Project heads: Nicole Megow and Martin Skutella
Project term: 2014-2017
Funded by:  Einstein Foundation Berlin through ECMath - Einstein Center for Mathematics Berlin

Scheduling under Uncertainty: On Performance-Adaptivity Tradeoffs (Emmy Noether Group)

In this project we study fundamental theoretical questions on practically relevant algorithms for problems from stochastic, online, and real-time scheduling. We design algorithmic and analytic tools for solving scheduling problems with uncertain input, such as unreliable machines, stochastic job processing times, or unknown job arrival times. Our major goal is to study thoroughly the tradeoff between the performance of an algorithm and the amount of adaptivity it requires. On the one hand, we aim for best possible algorithms which are potentially highly dynamic, i.e., scheduling decisions may adapt arbitrarily to the instantiated problem data. On the other hand, we are interested in good but simple algorithms that respect practice-driven adaptivity restrictions.

Project head: Nicole Megow
Project term: 2012-2018
Funded by:  German Research Foundation (DFG), within Emmy Noether Programme
Link: Emmy Noether


Scheduling on Unreliable Machines: On Performance-Adaptivity Tradeoffs

In this project, we study problems in the area of scheduling on unreliable machines which means that we assume that machines may change their processing speed up to full breakdowns. We develop algorithms with mathematically provable performance guarantees. We particularly focus on quantifying the tradeoff between the performance of an algorithm and the amount of adaptivity it requires to achieve this.

Principal investigator: Nicole Megow
Partner investigator:  Julian Mestre
Project term: 2011-2012
Funded by:  German Research Foundation (DFG), bilateral cooperation

Shutdown and Turnaround Scheduling in Chemical Manufacturing

In this project we investigated the problem of scheduling large-scale maintenance in industrial plants that require the entire shutdown of production units for disassembly, comprehensive inspection, and renewal. We derived mathematical models and algorithms for this so-called turnaround scheduling that include different features such as time-cost trade-off, precedence constraints, external resource units, resource leveling, different working shifts, and risk analysis. A case study with real-world turnaround scheduling problems was carried out in cooperation with the management consulting company T.A. Cook Consultants and two of their customers at chemical manufacturing sites.
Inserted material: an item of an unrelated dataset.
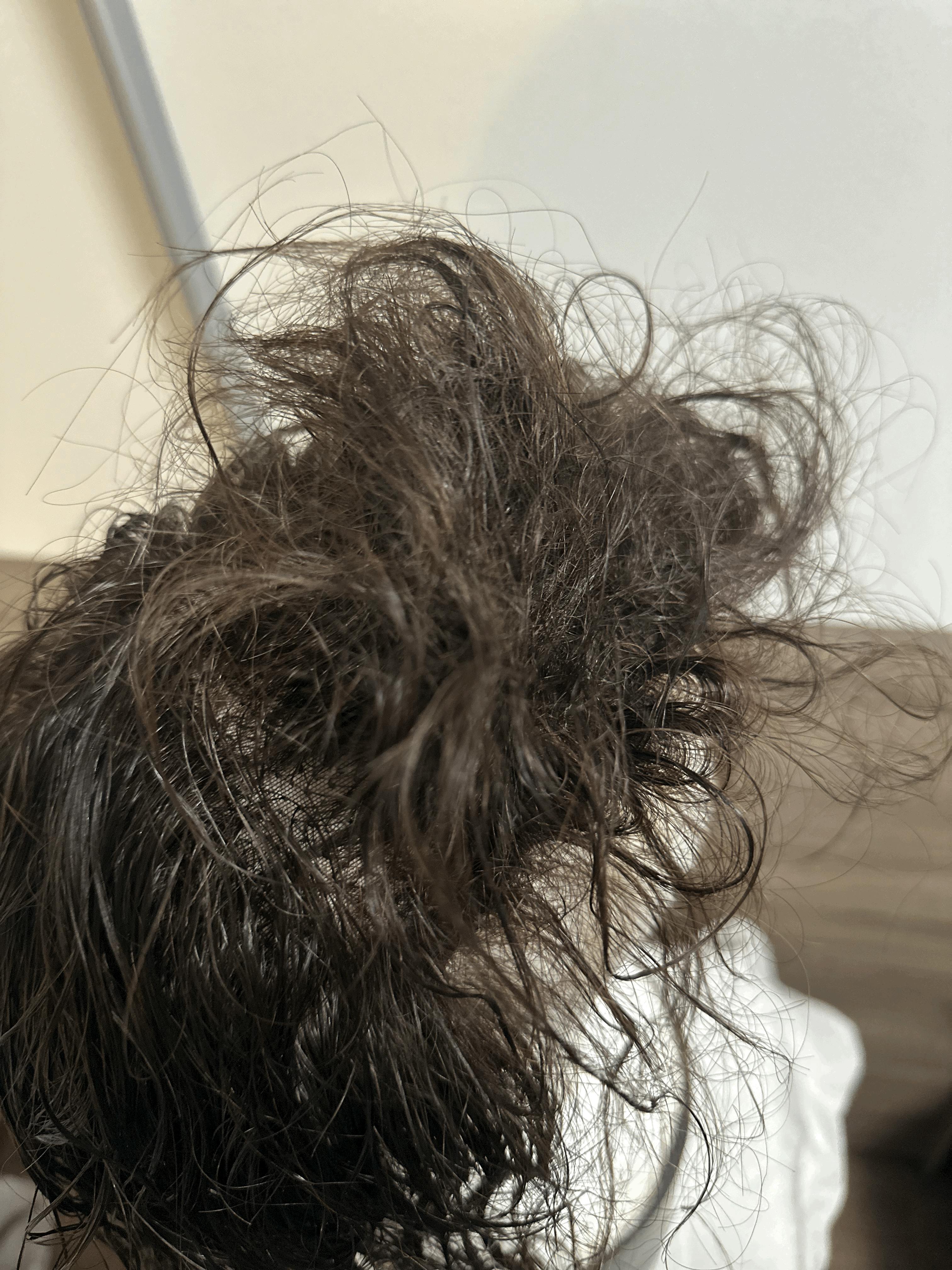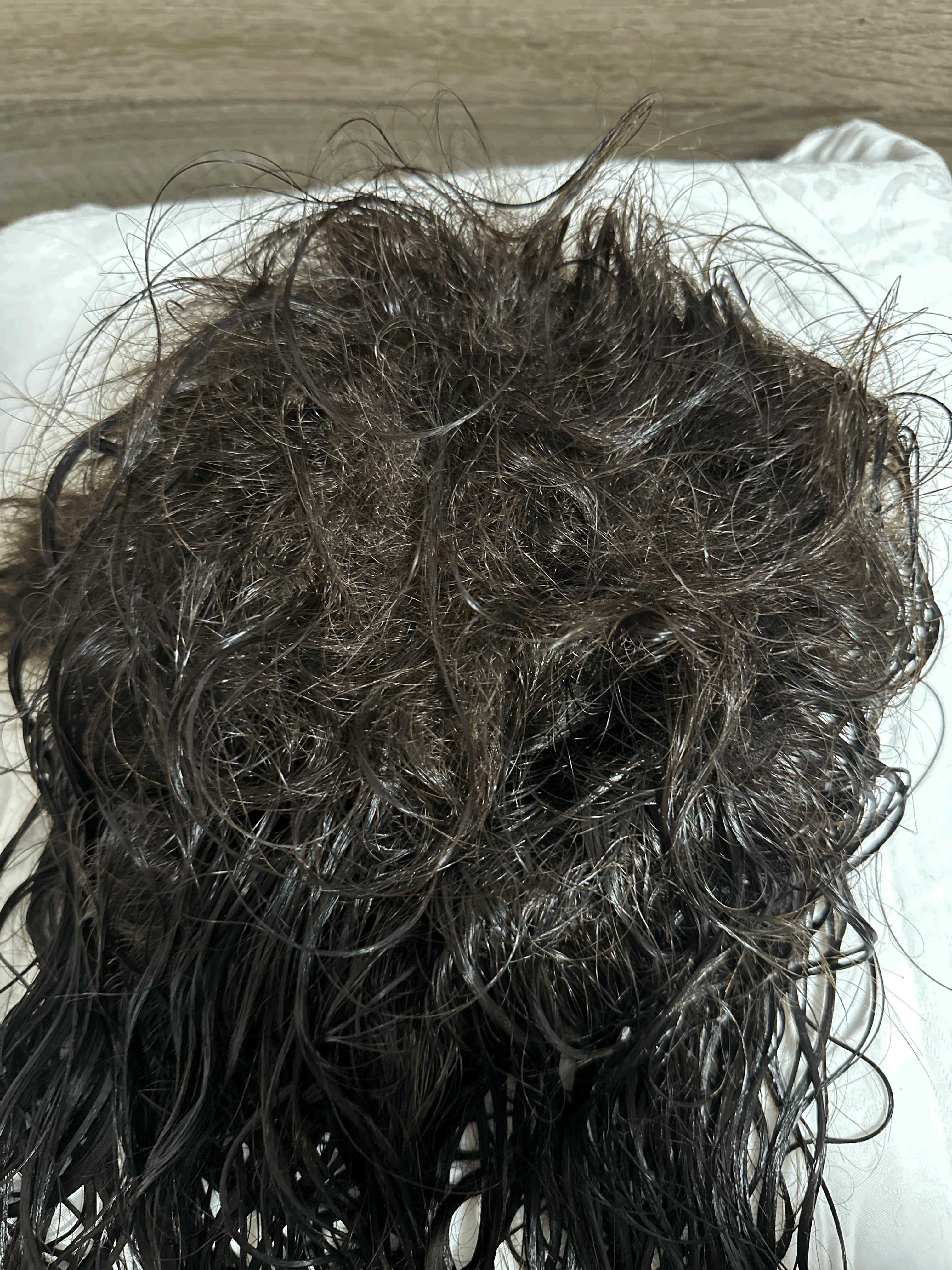 But things changed after the first wash. The texture and even the color seemed to fade a bit. It was still soft, but it didn’t dry straight anymore. I didn’t mind that at first because it still looked quite natural. The real problem quickly became clear — the hair puffed up and tangled like crazy, especially in the nape area. I used Ellen Wille products for human hair wigs, so I know it wasn’t because of the wrong care.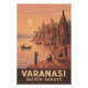 Afiche de viaje retro de Varanasi, India, que muestra el sagrado río Ganges al amanecer. Antecedentes: ghats a lo largo del río con botes pequeños y siluetas sutiles de personas actuando al atardecer

Some of our methods have been succesfully integrated into SAP and MS Project Management software tools... More details can be found here and in our publication Decision Support and Optimization in Shutdown and Turnaround Scheduling (Informs J. on Computing, 2011).

Project head: Rolf H. Möhring
Principal investigators: Nicole Megow and Jens Schulz
Project term: 2006-2008
Funded by:  T.A. Cook Consultants


Increasing Container Handling Efficiency at Port Botany

In this project we investigate the problem of operating a landside container exchange area that is serviced by multiple semi-automated rail mounted gantry cranes (RMGs) that are moving on a single bi-directional traveling lane. The gantry cranes are a scarce resource and handle the bulk of container movements. We develop algorithms to manage the container exchange facility, including the scheduling of cranes, the control of associated short-term container stacking, and the allocation of delivery locations for trucks and other container transporters. A computational evaluation shows that our methods can find effective solutions on real-world data (from Port Botany terminal in Sydney) that are at most 8% above a lower bound on optimal RMG utilization. Details can be found in our article Optimizing the Landside Operation of a Container Terminal.

Principal investigators: Gary Froyland, Thorsten Koch, Nicole Megow, and Emily Duane.
Project term: 2005
Funded by:  Patrick Corporation Ltd.